当の彼は目がショボショボするのを感じ、あくびをしながら目を擦った。
「眠そうだなカオル?」
リョーマが言うと、彼はゆっくりと首を横に振った。
「…ここは俺が見張りをしてやる。お前らはゆっくりしてろ。」
「え、あ、だったら俺も…!」
「ダメだ。ここは俺に任せて休め。」
カオルはこくりと頷くと、テントの中へ入っていった。アキヨシもこよを連れ、彼が行くならと続いた。

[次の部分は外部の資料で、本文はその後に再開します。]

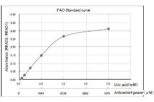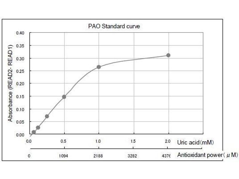 - Oxidative stress plays an important role in various diseases and aging. The control of oxidative stress is expected to be useful to prevent diseases and aging. Oxidative stress is caused by the imbalance between reactive oxygen species (ROS) and antioxidant defense system. For accurate assessment of oxidative stress, measurement of ROS, oxidative damage and antioxidant activity may be essential. PAO can detect not only hydrophilic antioxidants such as Vitamin C and glutathione, but can also detect hydrophobic antioxidants such as Vitamin E. Applicable for the assessment of total antioxidants of serum, foods, and beverage samples. For research use only.Samples are mixed with Cu++ Solution. Cu++ are reduced by antioxidants to form Cu+. Reduced Cu+ react with Chromatic Solution (Bathocuproine), and can be detected by absorbance at wavelength 480 to 490 nm. Antioxidant capacity can be calculated from the Cu+ formed.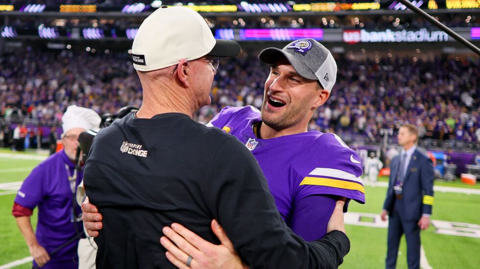 The Vikings took this rally all the way to their second possession of overtime. Cousins hit K.J. Osborn — who caught the first score and had a career-high 157 yards — for 15 yards. He found Adam Thielen — who had the second of three fourth-quarter touchdown passes — for 21 yards. Then he threw to Justin Jefferson for 13 yards to move into range.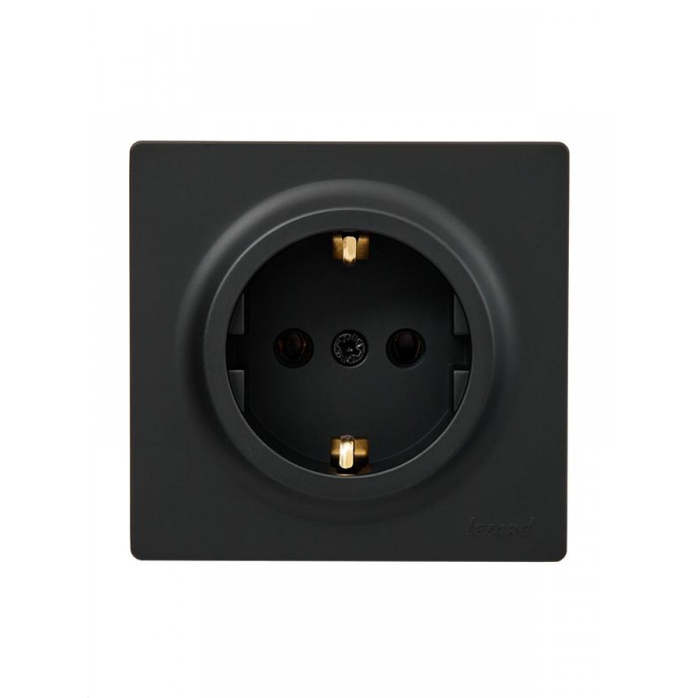 Розетка 1-м ОП LETO с заземл. ПБТ черн. бархат LEZARD 752-4200-122B
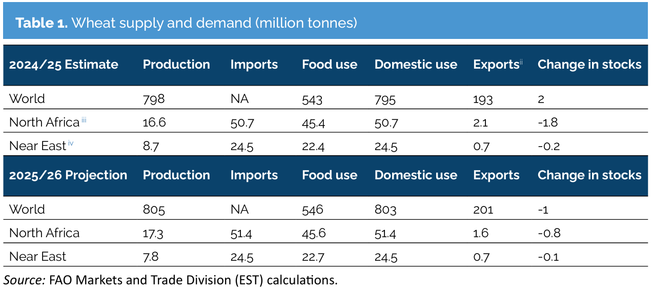 Crop prospects for the 2025/26 season are mixed. Wheat output in North Africa is projected to rise by 4.2 percent, driven by improved rainfall in Tunisia and Egypt’s stable irrigated production, while the Near East subregion faces a 10.4 percent decline, largely due to drought and conflict in the Syrian Arab Republic and Lebanon.

雲がだんだん分厚くなっているように見えた。肌寒さが増す度、焚き火から離れたくなくなる。それにしてもアキヨシの姿から察するに、学校ではイケイケだったんだろう。だからこんなに早く溶け込めたのかも知れない。
カオルは全く喋らない。感情も中々外に出ないようだ。
それに記憶喪失…。それが因果しているかは分からないしなんとも言えないが、何であれ不思議な男だ。
基本なにも喋らないのに、どうしてか彼を頼ることができる。背中を預けられる。
リョーマはポケットからシガレットケースを取り出し、中にあるタバコを一本、口に咥えた。
ジッポライターで着火させ、一つ吸って吐いた。
「…。」
やめたつもりだった。
けど思い出したくないこと…いや、忘れてはならないことだが、それは今ではないというタイミングに限って頭に浮かぶ。
リョーマは一時的にそれをしずめるために煙草を吸った。
今ではない。今ではない。と、心のなかで何度も呟きながら。
忘れやしない。病室で静かに眠った彼女のことを。最後まで明るく振る舞い、そして朽ちていった美しい花を。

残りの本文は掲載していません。